The rd10 mouse provided compelling evidence that activation of Sig1R is potentially therapeutic though the degenerative process is quite rapid. The current study explored the role of Sig1R-mediated retinal neuroprotection in a model with a more slowly progressing disease that more faithfully recapitulates RP in humans, the Rho-P23H mouse model. The P23H mutation of rhodopsin accounts for ∼10% of all cases of adRP (Chen et al., 2014).

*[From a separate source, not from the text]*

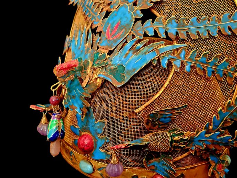- il y a également de nombreuses parties de cette coiffe en cloisonnées.

A number of laboratories have attempted to create an adRP model with the P23H mutation of rhodopsin (Barwick et al., in press), and the one established by the Palczewski laboratory authentically recapitulates the human disease. A cohort of 19 human adRP patients with the RHO-P23H mutation were evaluated in conjunction with the knock-in Rho-P23H mouse model that was generated. The mouse demonstrates a slowly progressing loss of ERG function over many months, similar to patients carrying the Rho^P23H/+ mutation, and a slow progressive retinal degeneration in which gradual shortening and disorganization of outer segments precedes rod photoreceptor cell death. A notable feature of the Rho^P23H/+ mouse model is that its degeneration pattern shows regional retinal degenerative differences such that the ventral (inferior) retina degenerates more rapidly than the dorsal (superior) retina, which is similar to the inferior-superior differences observed in human RP patients (Sakami et al., 2011). In aggregate, the aforementioned similarities of the humanized mouse model created in the Palczewski laboratory to human adRP patients (Dias et al., 2018) make this model a particularly attractive tool for investigating mechanisms of disease and interventional strategies.

The present work investigated Sig1R activation in this model. Earlier reports of the Rho^P23H/+ mouse reported ERG responses in a small number of mice, however no other functional tests were performed. Here, we conducted comprehensive functional and morphological assessments of the retinal degeneration over a 10 month period and evaluated consequences of Sig1R activation in the Rho^P23H/+ model.